Let’s assume you have a database table with all your customer data, and a table mapping the zip-codes to your retail stores, and your goal is to build a report counting the number of customers which are living close by a store. With a traditional database you would periodically run a SQL query to get that report. With modern streaming platforms like decodable, you are able to run such a query continuously. Whenever you get new or updated customer data, a store data changes, the report will update in real-time.

Combining a stream and a table in another example, you have a website clickstream of events coming from Confluent Cloud (a managed Apache Kafka service) and you want to enrich each stream event by looking up & adding customer information in a PostgreSQL table. You'll use this to tell you the last product page the customer viewed. You'll then store the result back into PostgreSQL, which will always be up to date with the latest page viewed. This is exactly the use case for real-time joins.

‍

‍

Currently, decodable supports running real-time joins with data from MySQL and PostgreSQL databases. We are currently working on adding more databases, such as Oracle, Microsoft SQL Server, Snowflake and more.

Benefits Of Real-Time Joins

What are the benefits of real-time joins compared to traditional joins, executed periodically?

The main benefit is the reduced latency. Historically you'd use a batch mode to execute a join, orchestrated by Apache Airflow or AWS Step Functions triggering a query, say once per hour. Even if the query takes only a few seconds to run, the average latency will be 30 minutes, the long tail latency much higher.

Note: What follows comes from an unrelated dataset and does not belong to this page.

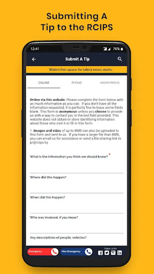 In addition to being better informed, this mobile app also empowers the public to communicate with police. The “Submit a Tip” feature is a direct channel for the public to use their phone to send police text, photos or videos of up to 8MB of any information or activity that they think the police should know about. This information can be sent anonymously, but if the sender wants a response there is an option to leave contact information. There is no way for police to determine the sender of this information unless it is disclosed to us in the form provided. This feature, if widely used, promises an exciting and convenient new way for the community to build a stronger relationship with police and work with us to solve crime and make our islands safer.

We know from our customers that data is most valuable when fresh. In other words, the higher the latency you have in your processing pipeline, the less value you can extract from it. For example a global logistics company which is already using stream processing has a competitive advantage if it can inform customers in real-time about the locations of their goods, and notify them in case of delays. A traditional "bricks and mortar" retailer can also benefit from bringing online experiences into their stores: real-time promotions, post-checkout surveys or upsells like product insurance.

Another benefit is data integration across many systems: It is often difficult to join data located in different databases - the data is locked in. How do you extract and normalize data coming from a traditional Oracle database, Snowflake or MongoDB? With decodable’s connector ecosystem and stream processing capabilities, this can be done in a matter of minutes.

Real-time joins are also resource efficient and fast, because the joins are calculated based on the change / delta of the data, rather than scanning the entire database.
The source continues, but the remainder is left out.